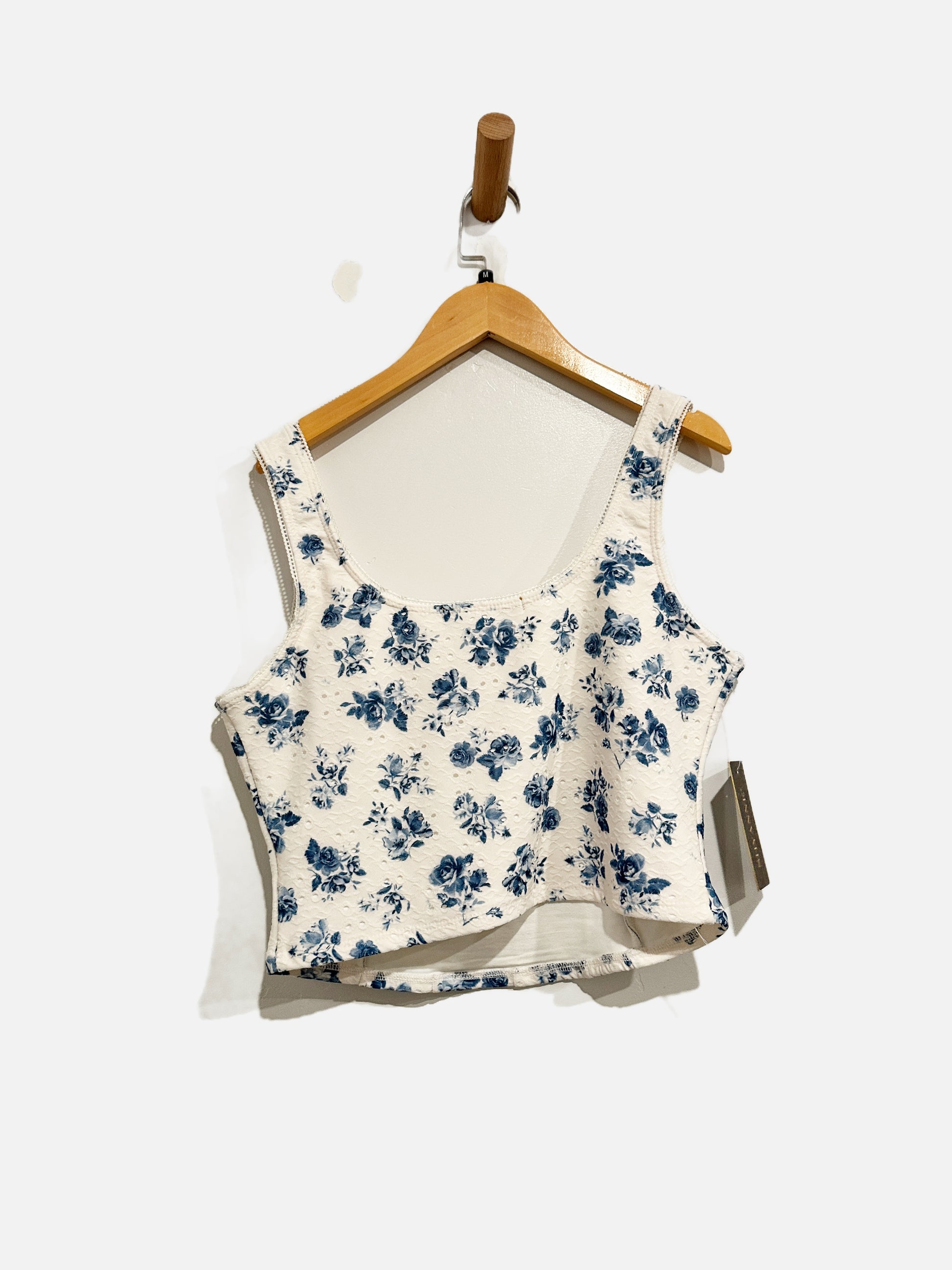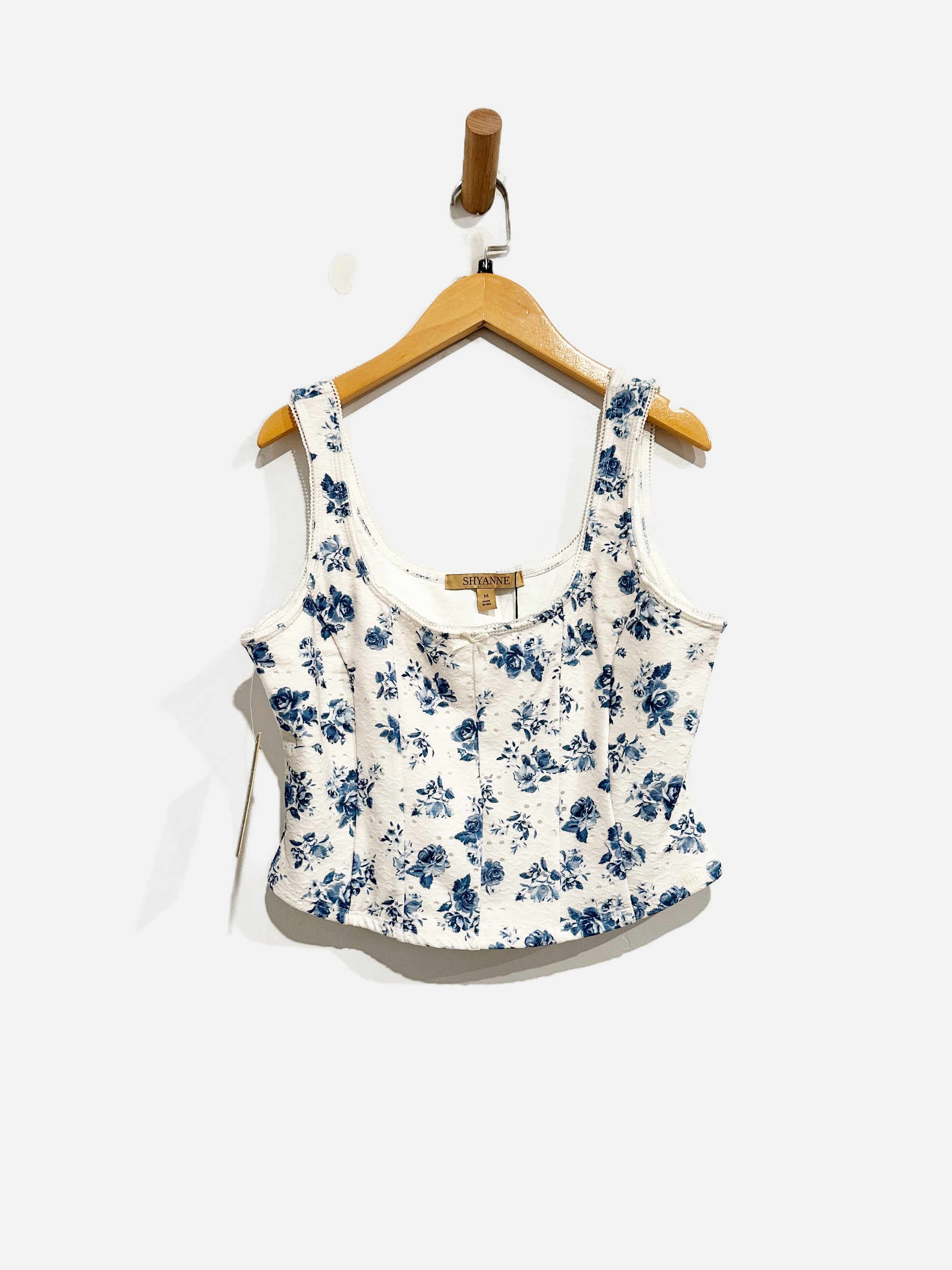Shyanne NWT White and Blue Floral Bustier Top - Medium
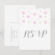 Carte postale Confetti Réponse mignonne et tendance avec des points de confetti amusants en rose et vert. Cette carte RSVP simple et moderne peut être facilement customisée avec vos informations de mariage. Pour plus d'options de personnalisation, cliquez sur Customiser.
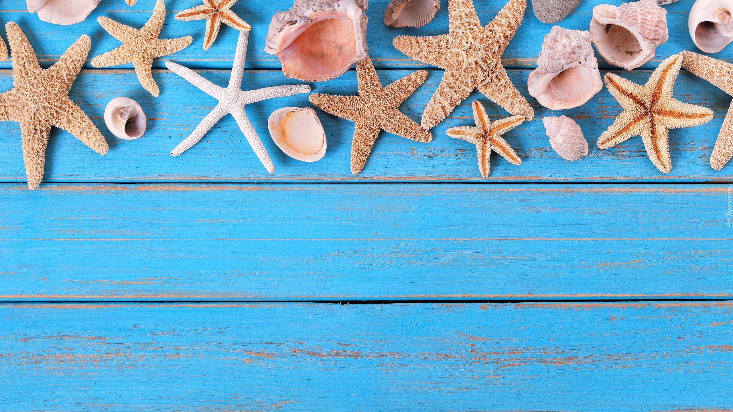 Edytor tapety: Muszelki i rozgwiazdy na niebieskich deskach
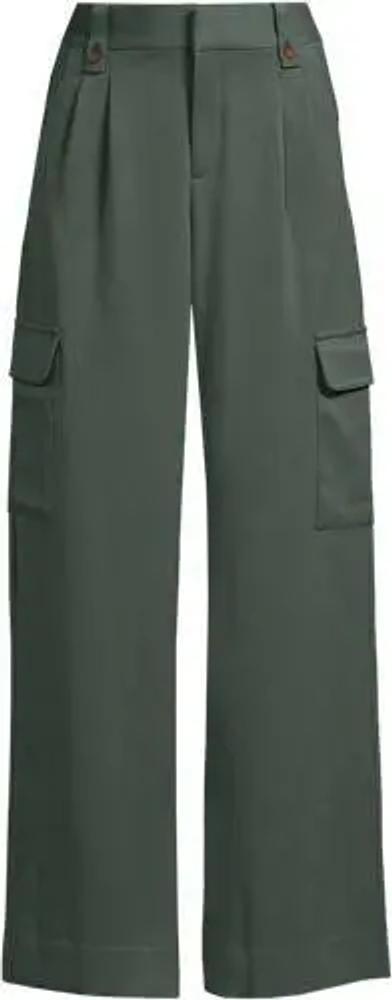 Cargo-Bundfaltenhose mit weitem Bein, Damen, Grün, Elasthan/Viskose/Viskose-Mischung, by Lands' End
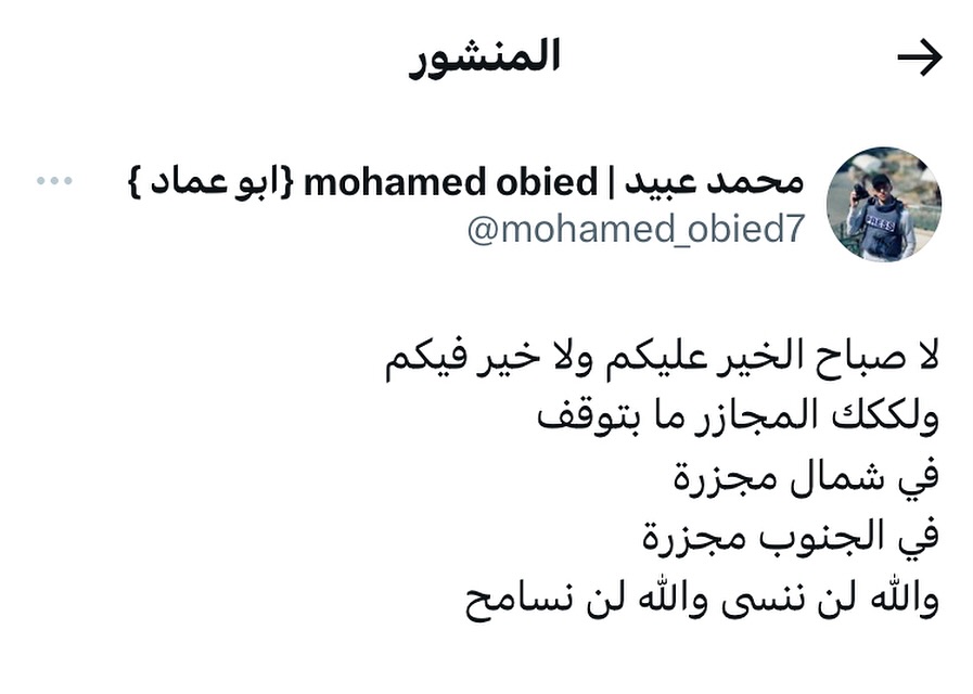 Israeli occupation forces killed the young man “Omar Balawi” After few hours of posting this “from northern #Gaza,We are steadfast, We will not leave except to heaven.
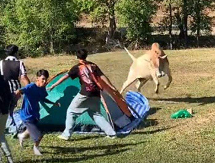 นึกว่าโปรของที่พัก วัวคลั่งไล่ขวิดนักท่องเที่ยว ลานกางเต็นท์
:::::
# [WHAT YOU ARE ASKED TO DO]
Retype the data above exactly, dropping every picture.

# [RESULT]
Shyanne NWT White and Blue Floral Bustier Top - Medium
 Carte postale Confetti Réponse mignonne et tendance avec des points de confetti amusants en rose et vert. Cette carte RSVP simple et moderne peut être facilement customisée avec vos informations de mariage. Pour plus d'options de personnalisation, cliquez sur Customiser.
 Edytor tapety: Muszelki i rozgwiazdy na niebieskich deskach
 Cargo-Bundfaltenhose mit weitem Bein, Damen, Grün, Elasthan/Viskose/Viskose-Mischung, by Lands' End
 Israeli occupation forces killed the young man “Omar Balawi” After few hours of posting this “from northern #Gaza,We are steadfast, We will not leave except to heaven.
 นึกว่าโปรของที่พัก วัวคลั่งไล่ขวิดนักท่องเที่ยว ลานกางเต็นท์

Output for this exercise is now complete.